We ask a lot of ourselves as children. Somehow we must go from sensory lumps to mobile, rational, attentive communicators in just a few years. Here you are, a child with no vocabulary, in a room cluttered with toys and stuffed animals. You pick up a Lincoln Log and your keeper says, “This is a 'log'.” You finally understand that “log” does not strictly refer to this particular brown plastic cylinder or to brown plastic cylinders in general, but to brown plastic cylinders that embody the characteristics of the parts of felled and denuded trees, which are also, of course , “trunks”.
There has been a lot of research and heated debate about how children achieve this. Some scientists have argued that most of our language acquisition can be explained by associative learning, since we relate sounds to the senses, just as dogs associate the ringing of a bell with food. Others argue that there are features inherent in the human mind that have shaped the forms of all languages and that are crucial to our learning. Still others argue that children build understanding of new words in addition to understanding other words.
This discourse advanced on a recent Sunday morning, as Tammy Kwan and Brenden Lake delivered blackberries from a bowl into the mouth of their twenty-one-month-old daughter, Luna. Luna was dressed in pink leggings and a pink tutu, with a silicone bib around her neck and a soft pink hat on her head. A lightweight GoPro-type camera has been attached to the front.

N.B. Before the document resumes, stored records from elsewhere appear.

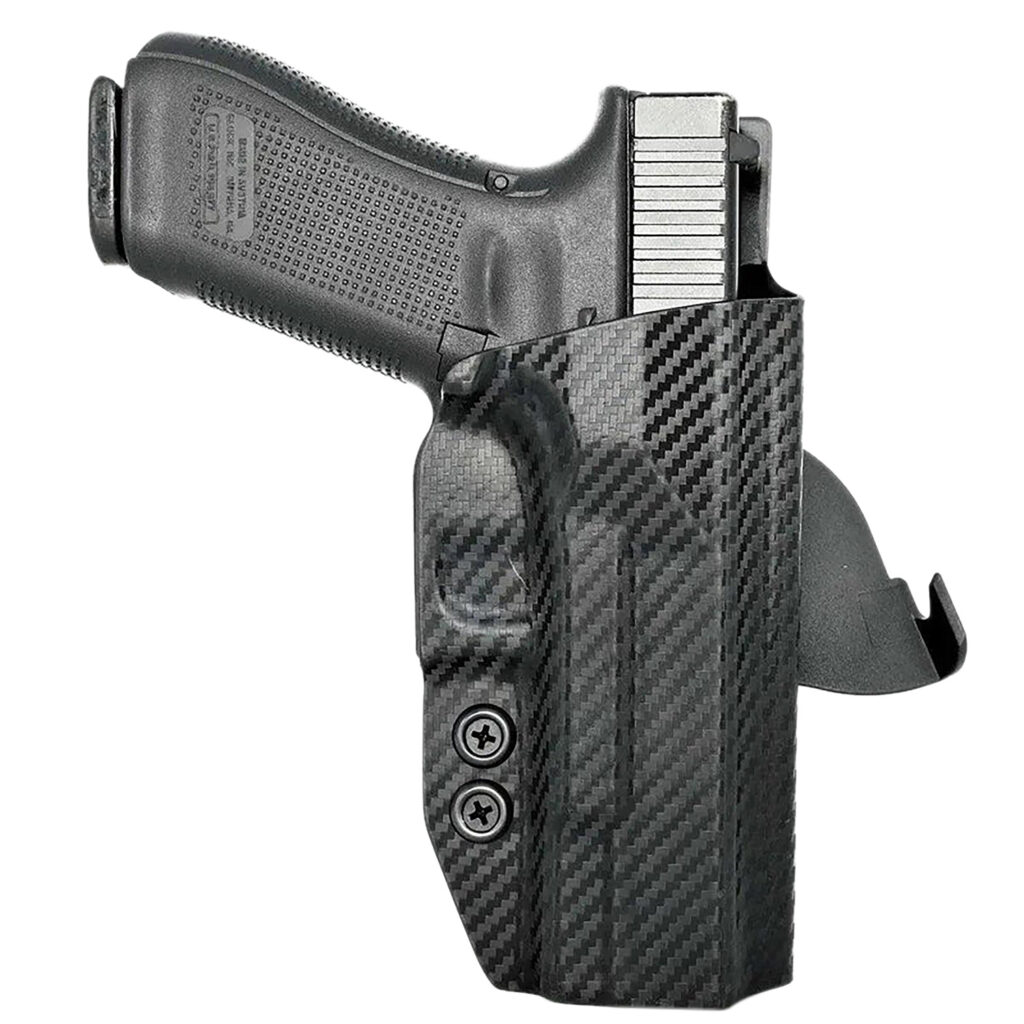 The Hand Molded, Adjustable Retention & Cant (-5 to +20) Paddle OWB KYDEX Holsters. Every one of these holsters is Custom made by hand, just for you the moment it is ordered. The minimalist outside the waistband KYDEX holsters hold weapons securely while remaining extremely lightweight and durable. They are the perfect all around holster for every day OWB carry.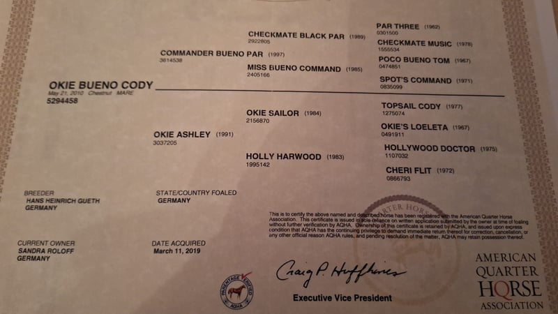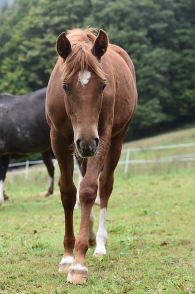 Ihre Mutter eine Quarter Stute des alten Schlages (Foundation Linie mit Papier) und ihr Vater, ein Suffield Mustang mit ausgewöhnlichem Fundament (Artos-Ari) und wirklich schönen Gängen machen dieses kompakte Mädchen wirklich zu etwas Besonderem. Sie wird in allen Disziplinen des Reitsports, ob Trail, Western, Dressur, Freizeit einsetzbar sein. Sie wächst in einem natürlichen Herdenverband auf großen, hügeligen Koppeln mit mehren Stuten und ihren Fohlen und ihrem Vater auf. Geboren 03/25, Größe etwa 1,55 cm Farbe chestnut mit 2 Söckchen vorne, 2 Stiefeln hinten. Die Zeichnung ist absolut gleichmäßig. Aktuell stehen wir im Winterquartier (Offenstall im Herdenverband). Sie lässt sich gut verladen und ist auch schon 2x Hänger gefahren. Gerne kann sie bei Kaufinteresse auch noch bei uns stehen bleiben. Wer ernsthaft Interesse hat,kann sich gerne ein Bewerbungsvideo schicken lassen. Der Trab ist ein Traum Bei Interesse schicke ich gerne weitere Bilder/Videos, eine Besichtigung, auch von Vollgeschwister und den Eltern ist jederzeit möglich. Inzwischen ist sie gechipt und geimpft und war sehr artig dabei. Kontakt auch gerne per WhatsApp 0179 5221143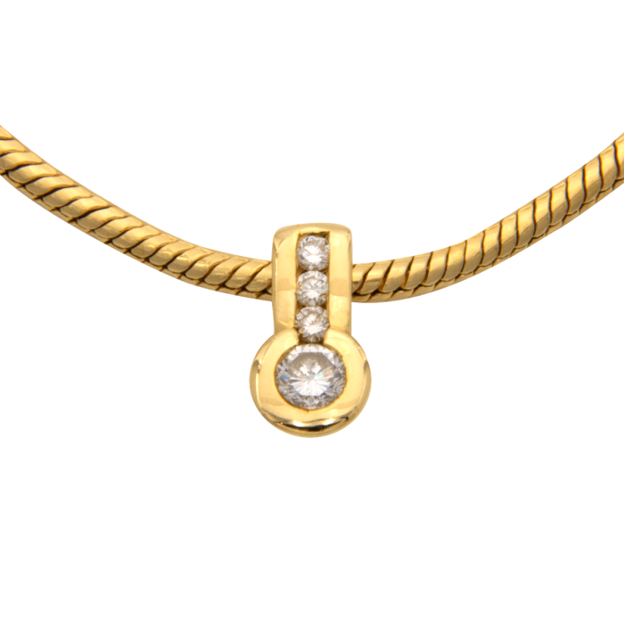 Die dazugehörige Schlangenkette, ebenfalls in hochglänzendem 750er Gelbgold komplettiert den Halsschmuck.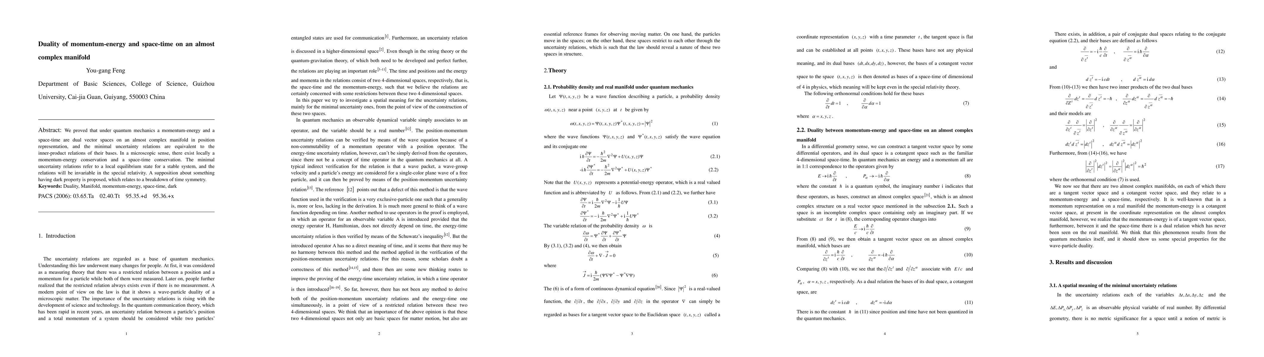 We proved that under quantum mechanics a momentum-energy and a space-time are dual vector spaces on an almost complex manifold in position representation, and the minimal uncertainty relations are equivalent to the inner-product relations of their bases. In a microscopic sense, there exist locally a momentum-energy conservation and a space-time conservation. The minimal uncertainty relations refer to a local equilibrium state for a stable system, and the relations will be invariable in the special relativity. A supposition about something having dark property is proposed, which relates to a breakdown of time symmetry.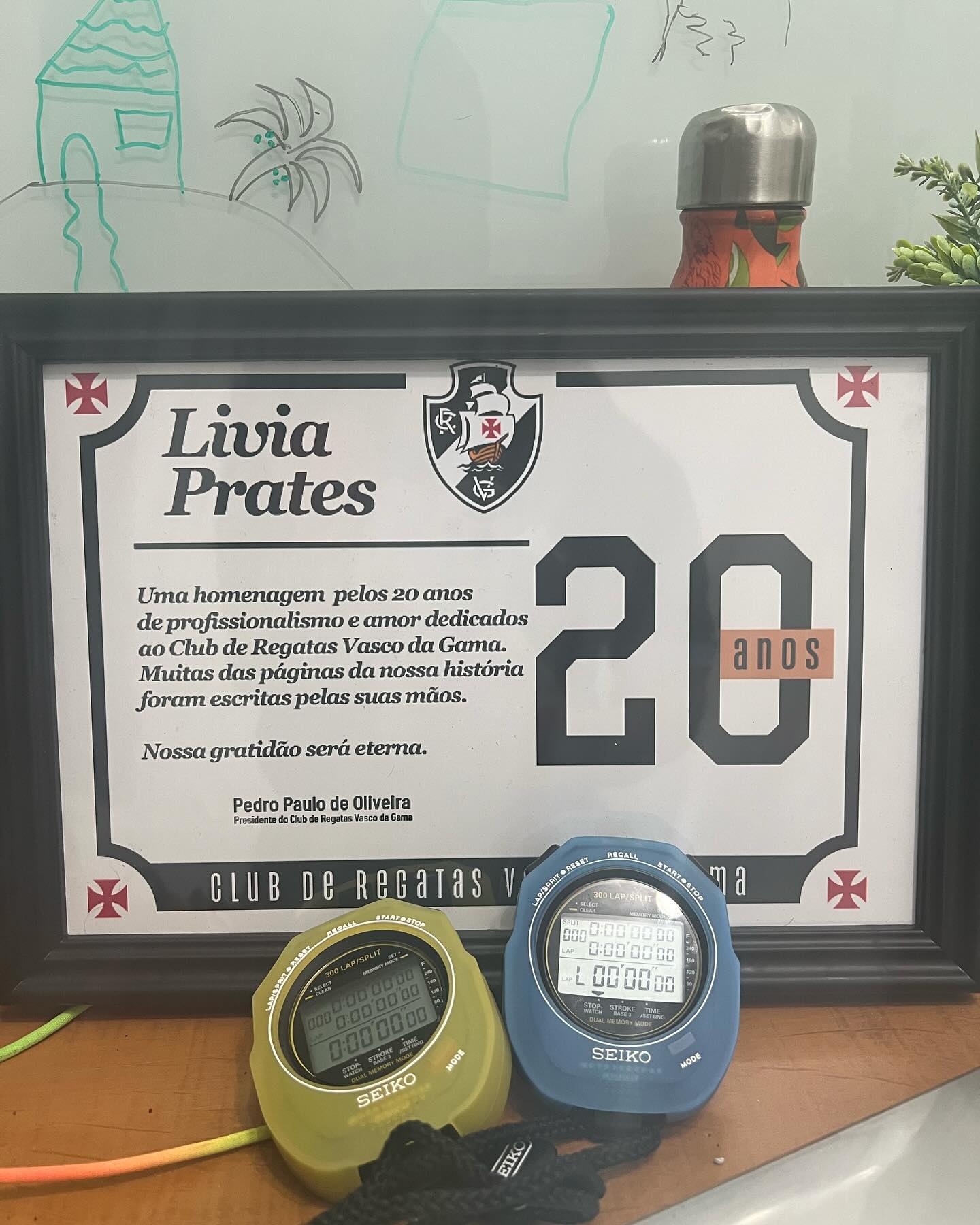 Coordenadora do Paradesporto, Lívia Prates recebe placa pelos 20 anos de trabalho no Vasco

“Babooga,” he said, pointing a round finger at the berries. Dr. Kwan gave her the change and Dr. Lake looked at the empty bowl with amusement. “It's about 10 dollars,” he said. A light on the camera flashed.
For an hour every week for the past 11 months, Dr. Lake, a psychologist at New York University whose research focuses on human and artificial intelligence, attached a camera to Luna and recorded things from her point of view as she plays. Her goal is to use videos to train a language model using the same sensory input a child is exposed to: a LunaBot, so to speak. In doing so, she hopes to create better tools for understanding both artificial intelligence and ourselves. “We believe this research finally establishes that connection between these two areas of study,” Dr. Lake said. “You can finally put them in dialogue with each other.”